Through Different Eyes by Julie Cooper


For five years, I lived as a servant. 

There really isn’t another word for it.  I was politely called a ‘home companion’, and I never actually scrubbed floors, so maybe I’m pushing the term a little.  But I lived with lonely, elderly individuals; cooked, cleaned, ran errands, drove them around, on duty seven nights a week and six days, from seven in the morning until ten at night, with three hours off each afternoon.  These precious hours were spent writing endless letters to my friends back in New Zealand, since I knew virtually nobody in the UK, and my job frequently put me in isolated villages in the middle of nowhere.  The pay was abysmal, but when you have nothing to spend it on, it adds up quite satisfactorily after a few months, and then you can use it to travel the world.

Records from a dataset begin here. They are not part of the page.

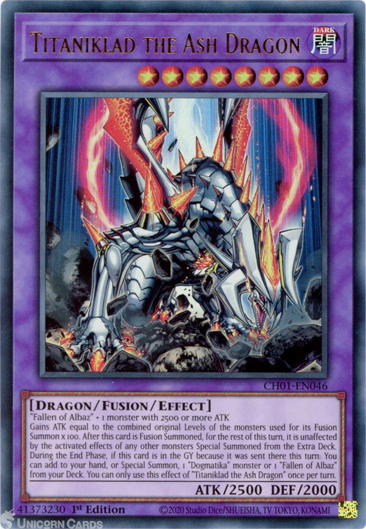 - CH01-EN046 Titaniklad the Ash Dragon : Ultra Rare 1st Edition Mint YuGiOh Card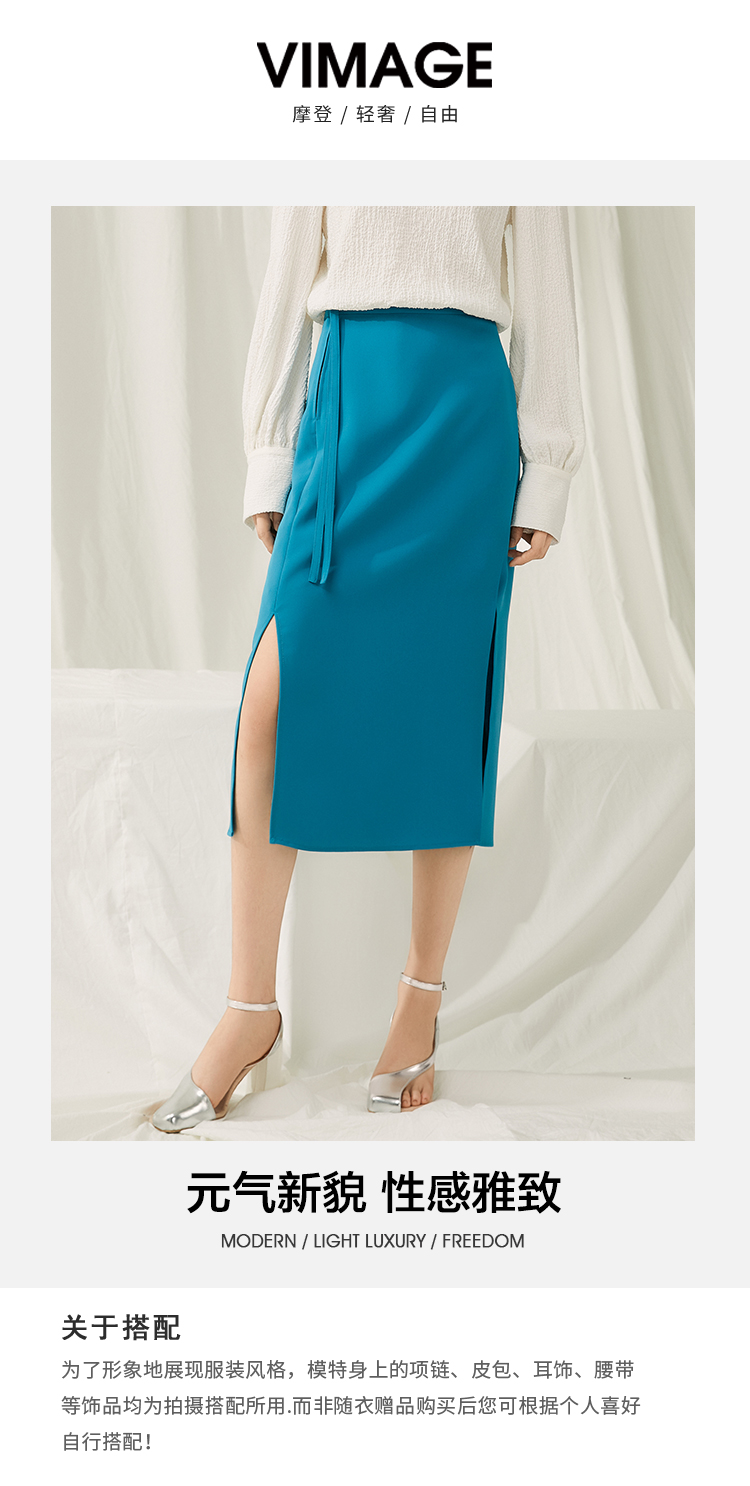 VIMAGE纬漫纪春季新款时尚气质显瘦高腰开叉半身裙女V1906505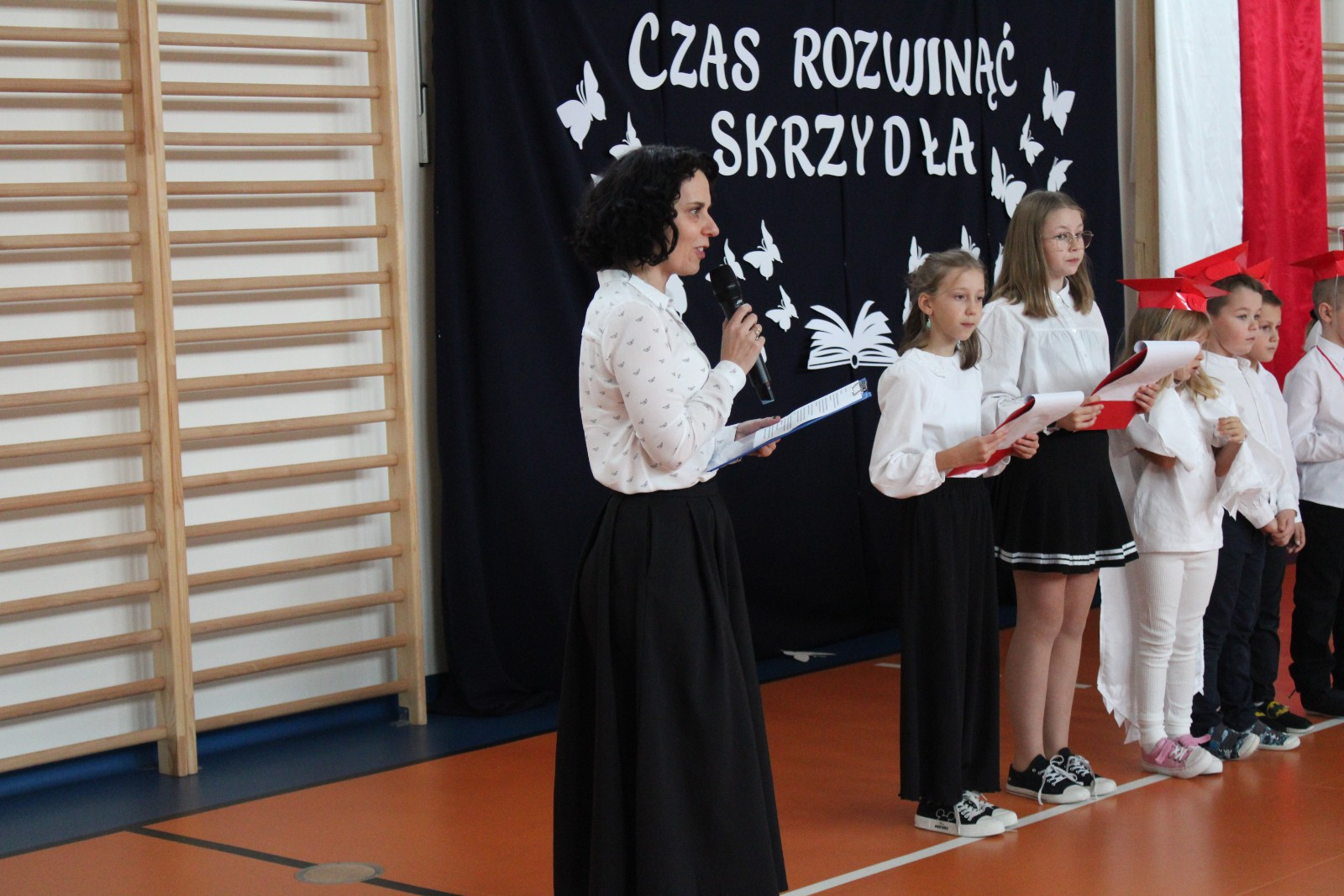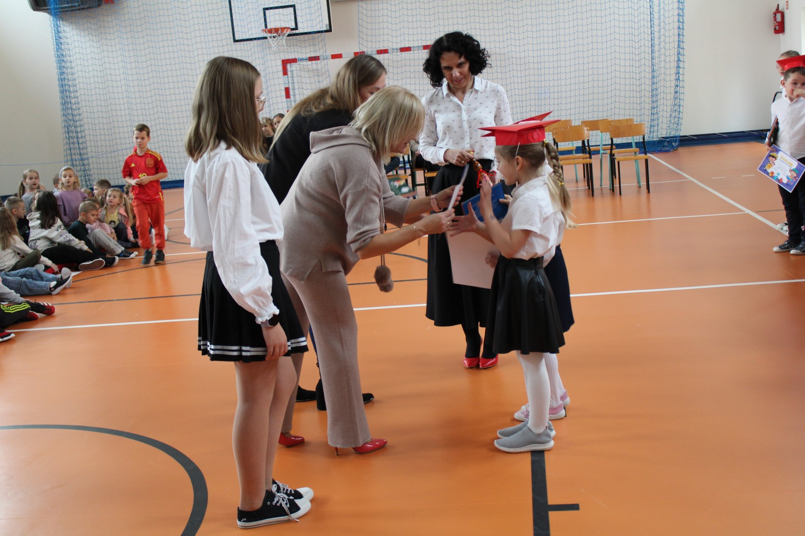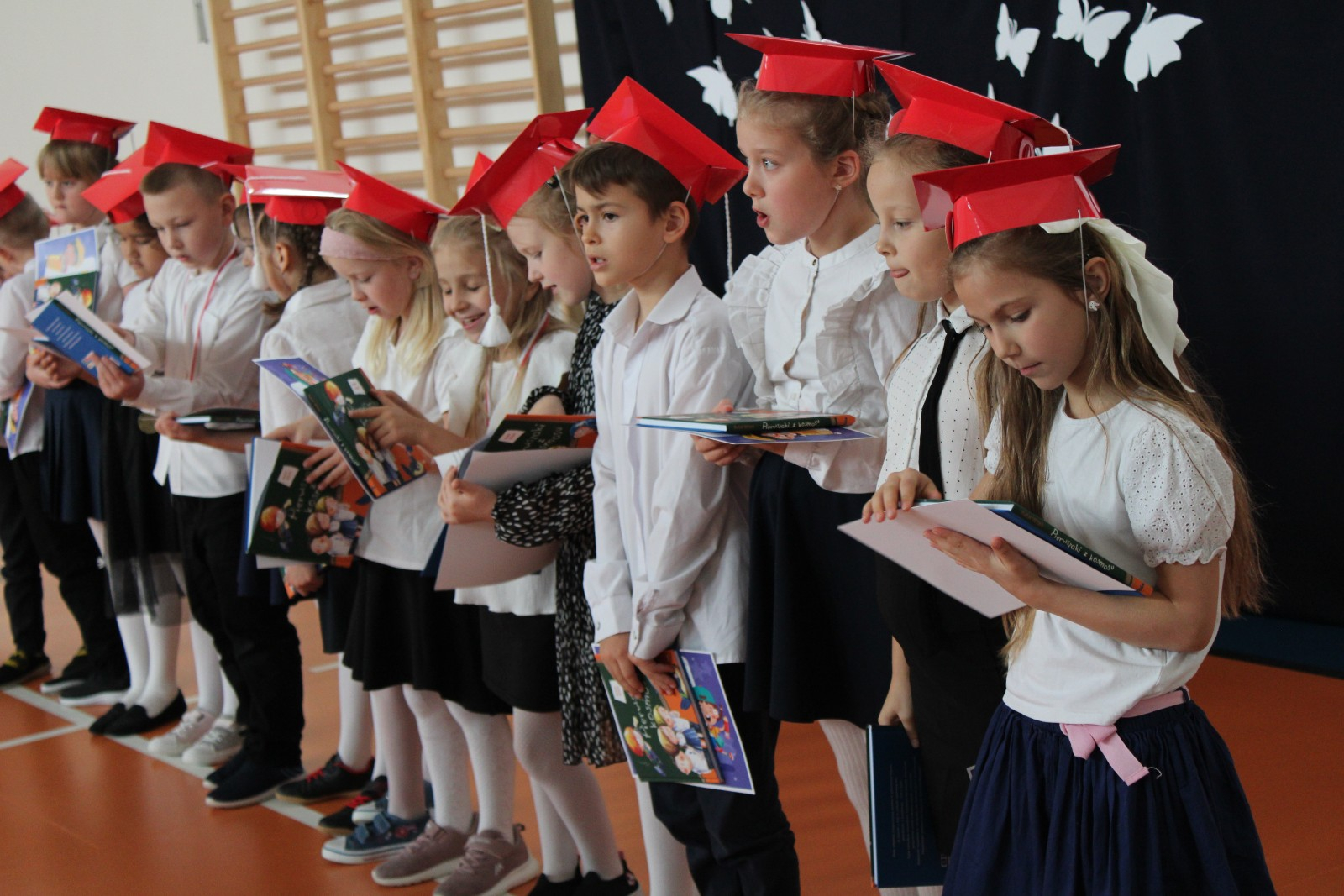 Społeczność szkolna powitała PIERWSZOKLASISTÓW gromkimi brawami.

During these years, I lived in all kinds of places with all kinds of characters.  I lived in a mansion, whose owner once bred racehorses, and who still (at 85 years old) shot her own pheasants and caught her own Scottish trout (which I had to then cook on the aga for her lunch guests, a challenge in itself, especially when felt obliged to pretend that I had cooked on one before). I was instructed to use the servants’ stairs and live in the servants’ quarters (there were only two of us in this mansion, I hasten to add), and I had spoons thrown at me with remarks like ‘you stupid girl!’ as frequent punctuation.  I was interviewed for one job at a National Trust property, driven to the residence by the chauffeur, past acres of rolling hills and woodland with roaming deer.  And I worked in London in an apartment below Kylie Minogue’s (which, being a Kiwi, really didn’t impress me as much as it might have done).  On the other hand, I also worked in cramped, damp flats with hoarders who had terminal illnesses.  On one occasion, when nearly homeless myself, I accepted the invitation of a feisty elderly woman I met on the street of London and stayed for three nights in her tiny council flat.  Believe me, I was very grateful to her for this, in spite of the fact that I had to share the space with ten cats whose excrement was covered by newspaper all over the floor, and whose neighbouring couple beat each other up after a night at the pub. 

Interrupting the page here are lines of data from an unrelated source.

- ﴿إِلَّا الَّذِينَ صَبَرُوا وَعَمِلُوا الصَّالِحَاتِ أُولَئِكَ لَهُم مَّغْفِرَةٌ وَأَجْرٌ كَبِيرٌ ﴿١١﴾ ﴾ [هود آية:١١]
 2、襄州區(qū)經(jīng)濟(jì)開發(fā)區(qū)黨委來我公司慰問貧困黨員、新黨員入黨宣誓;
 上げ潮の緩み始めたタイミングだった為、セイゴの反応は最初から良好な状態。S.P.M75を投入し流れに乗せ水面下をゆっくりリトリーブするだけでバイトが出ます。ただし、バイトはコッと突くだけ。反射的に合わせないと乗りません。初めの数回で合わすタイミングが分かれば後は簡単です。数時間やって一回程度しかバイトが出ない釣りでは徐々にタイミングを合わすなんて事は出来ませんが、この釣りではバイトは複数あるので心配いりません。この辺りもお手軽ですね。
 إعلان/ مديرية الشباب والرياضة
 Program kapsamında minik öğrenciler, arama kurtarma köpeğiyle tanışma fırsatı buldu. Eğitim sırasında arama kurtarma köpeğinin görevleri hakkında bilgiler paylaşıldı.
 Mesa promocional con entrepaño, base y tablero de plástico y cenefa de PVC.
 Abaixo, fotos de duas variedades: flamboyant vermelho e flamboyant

All this is to say, it’s a wonderful way to gain perspective.  To see life through as many different pairs of eyes as possible.  To widen your own view, rid yourself of prejudices, realise that everybody pretty much does the best with what they’ve been given, and that generosity often comes from the most unlikely strangers in the most unlikely places.  And if you want to write, stepping outside of your own perspective is essential.  For how can you effectively put yourself in to the mind of your characters if you are locked in the prison of your own views and values?  So get out there and experience as much of life as you can, if you haven’t already!